The problem => Could you restate the data word for word and drop the pictures?

Dataset content =>
━━━━━━

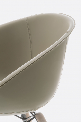 Gliss Wood – это кресло с корпусом, обтянутым натуральной кожей. Изделие имеет уютную и эргономичную форму, вдохновленную культовыми креслами пятидесятых. Коллекция отличается комфортом и функциональностью, благодаря изогнутым подлокотникам, обеспечивающим чувство защищенности. Каркас с 4-мя ножками из дерева и металлической опорой, придает индивидуальность и обеспечивают долгий срок службы.
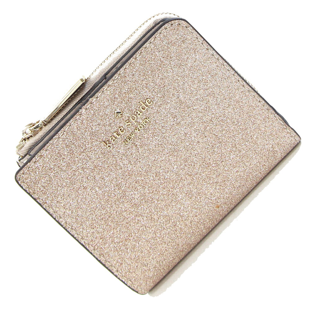 ケイトスペード 二つ折り財布 シミ— K4711 ローズゴールド グリッターファブリック 中古 コン・・・
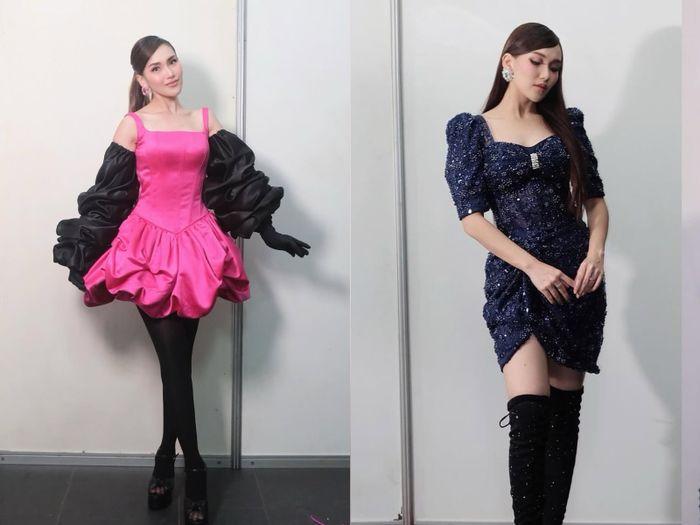 Beberapa gaya busana Ayu Ting Ting yang dirancang oleh brand desainer Ayumi.
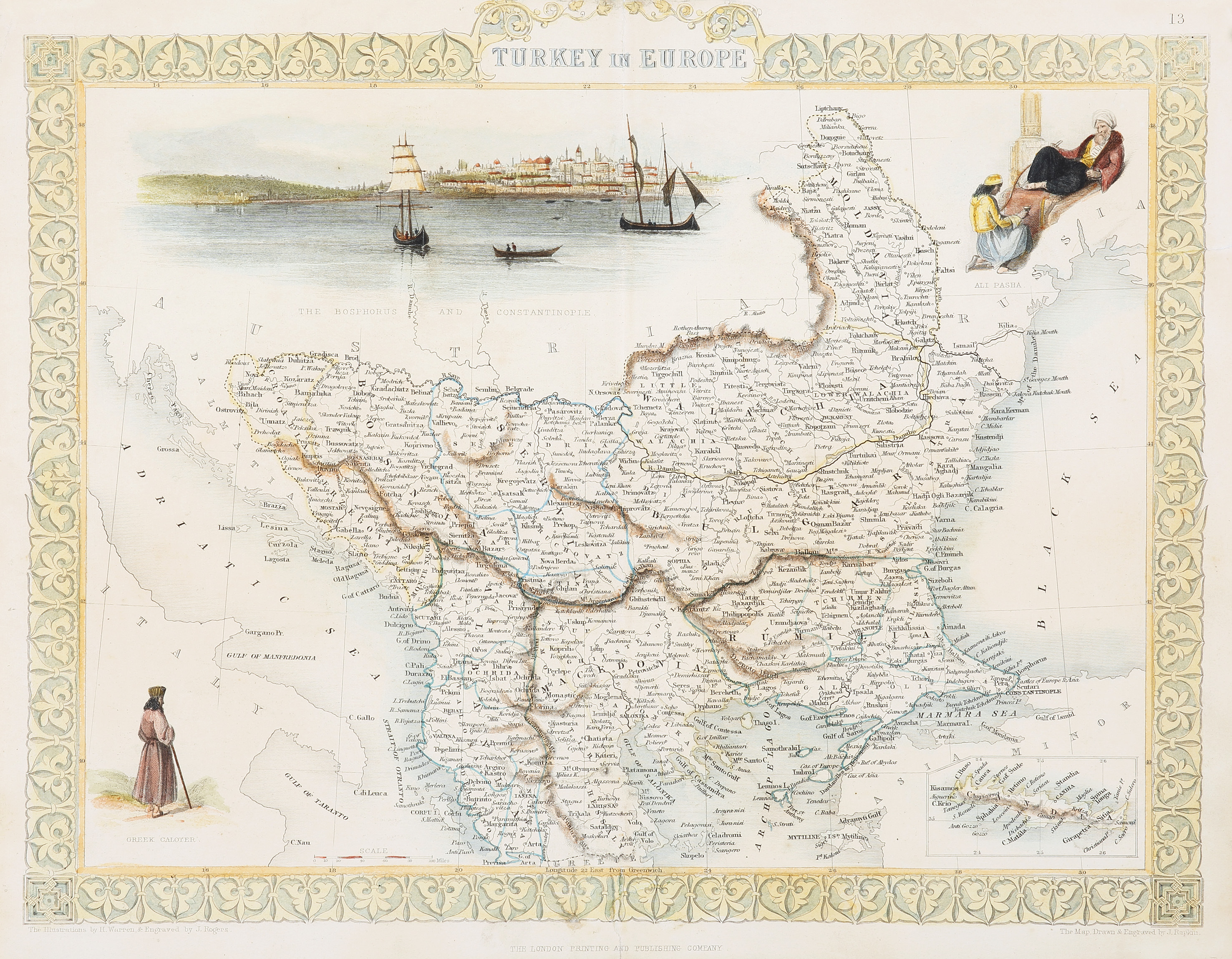 Scarce c.19th fully hand coloured example of Tallis’s map of the Ottoman Empire in Europe.

━━━━━━

Response below =>
 Gliss Wood – это кресло с корпусом, обтянутым натуральной кожей. Изделие имеет уютную и эргономичную форму, вдохновленную культовыми креслами пятидесятых. Коллекция отличается комфортом и функциональностью, благодаря изогнутым подлокотникам, обеспечивающим чувство защищенности. Каркас с 4-мя ножками из дерева и металлической опорой, придает индивидуальность и обеспечивают долгий срок службы.
 ケイトスペード 二つ折り財布 シミ— K4711 ローズゴールド グリッターファブリック 中古 コン・・・
 Beberapa gaya busana Ayu Ting Ting yang dirancang oleh brand desainer Ayumi.
 Scarce c.19th fully hand coloured example of Tallis’s map of the Ottoman Empire in Europe.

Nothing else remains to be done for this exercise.